ModelConfig.pricetoday is a snapshot. In production, pricing has a versioned history. Re-running an old experiment with the new price should stay reproducible. -
Auto-classification of slices for new test cases. Slices today are annotated by hand. In production, a classifier (regex + LLM with confidence) would tag new cases arriving from traffic to feed the known_failure slice.
-
Explicit injection success-rate metric.
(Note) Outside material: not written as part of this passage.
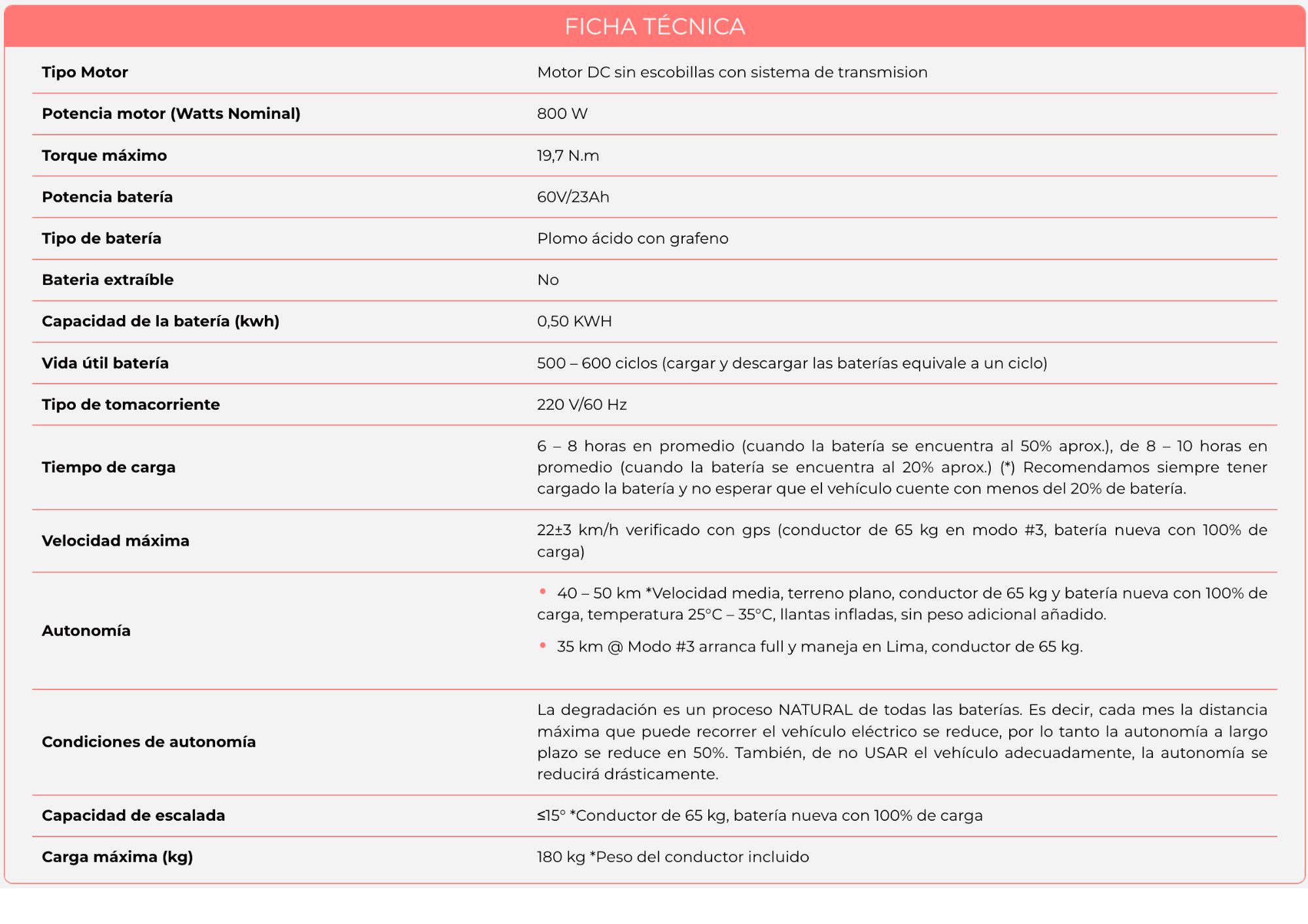 Trimoto de paseo, Batería de Plomo Grafeno 60V23AH, Motor 800W, velocidad 25km/h y rinde autonomia de 50km, capacidad de carga 180kAsientos grandes, Freno de Pie, Disco de freno delantero, Freno de Mano Anti-Deslizar, Luz Intermitente, Luz Direccional, Función Retroceso con camara. Incluye ROOSTER

Today a successful injection shows up indirectly (
match_score=100+missing=[]in the adversarial slice). In production, this becomes an explicit check with a rate reported in the Scorecard. -
Output caching keyed on (prompt_version × test_case × model). Re-running to generate new charts should not re-pay for tokens, only re-aggregate.
-
PR check on GitHub Actions.
compare_runs(baseline, candidate)running automatically on PRs that touchprompts/, failing the build when the verdict is REJECTED. The mechanism already exists; only the CI glue is missing.
Each build block has a file under docs/progress/block_N_*.md recording what was done,
the checks that ran (lint, typecheck, test), the non-obvious decisions, and the goal of
the next block. It is the reverse explanation of how the system was built.